August 02, 2003|Elizabeth Douglass | Times Staff Writer

David J. O'Reilly, chairman and chief executive of ChevronTexaco Corp. since the merged company was created in October 2001, spoke with reporters Friday about the company's outlook. Here are excerpts from that discussion, edited for clarity:

Question: What are your thoughts on California's Jan. 1 ban on the gasoline additive MTBE for environmental reasons and the required addition of ethanol?

Answer: Everyone benefits from backing off of MTBE. But it's questionable whether you benefit from adding ethanol. In California, you don't need it. California gasoline meets all of the air quality requirements, and it's the cleanest gasoline in the world. But politics require that there be ethanol in gasoline, to put it bluntly, so it's going to be in gasoline.

Q: Can you elaborate on declining [gasoline] sales in California?

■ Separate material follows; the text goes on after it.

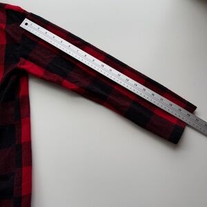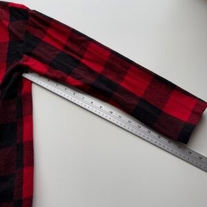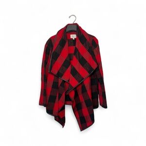 Description: This GH Bass flannel sweater jacket features a bold red and black buffalo plaid pattern with a soft, cozy texture. Designed with an open waterfall front and faux leather trim along the edges, it blends rustic charm with modern style. The relaxed fit and draped silhouette make it a versatile layering piece—perfect for adding warmth and statement flair to casual or outdoor looks.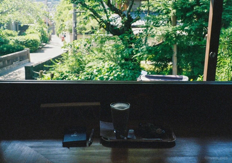 카페는 작았다. 개인 주택을 카페로 활용하는 느낌이었는데 창 쪽 공간과 부억으로 연결되는 거실이 전부였다. 거실에 놓인 테이블에는 동네 주민으로 보이는 아저씨 두 명이 수다를 떨고 있었다. 신발을 벗고 철학의 길을 바라보는 창 근처 다다미방에 앉았다. 창 너머로 보이는 울창한 나뭇잎과 조용한 골목사이로 내리쬐는 볕이 참 예뻤다. 별 것 아닌 풍경이었는데 별 기대없이 들어섰던 곳이라 더 좋았던 것 같기도 하다. 이번 여행을 통틀어 가장 충만하고 행복한 순간이었다.

A: This year one of the issues on the West Coast has been lower demand, because of the economy. The consumer demand hasn't dropped. But if you don't have economic activity, you don't have trucks buying diesel, you don't have trains rolling. There's [also] a lot lower demand for jet fuel because of the reduction in ... flights. With the economy, and with SARS, [air travel] got hit pretty badly in the first half of the year.

Q: Will most of the North American properties for sale be in California?

A: No. They're mostly in the mid-continent area and some in the Gulf of Mexico area. In California, we're the No. 1 producer in the San Joaquin Valley. We have two or three very large fields there, such as Kern and Midway Sunset. Those are very important parts of our business.

Q: You said you hope to make an announcement soon on building a West Coast import terminal for natural gas. What's behind that?

A: From a U.S. policy standpoint, we need to provide ways to connect to the global natural gas markets. That means we need import terminals. I would hate to see the West Coast isolated from the global markets like it is in the case of gasoline. That's where we will be headed if we don't provide for import facilities.

Do we want to be isolated, and subjected to higher costs and more volatility?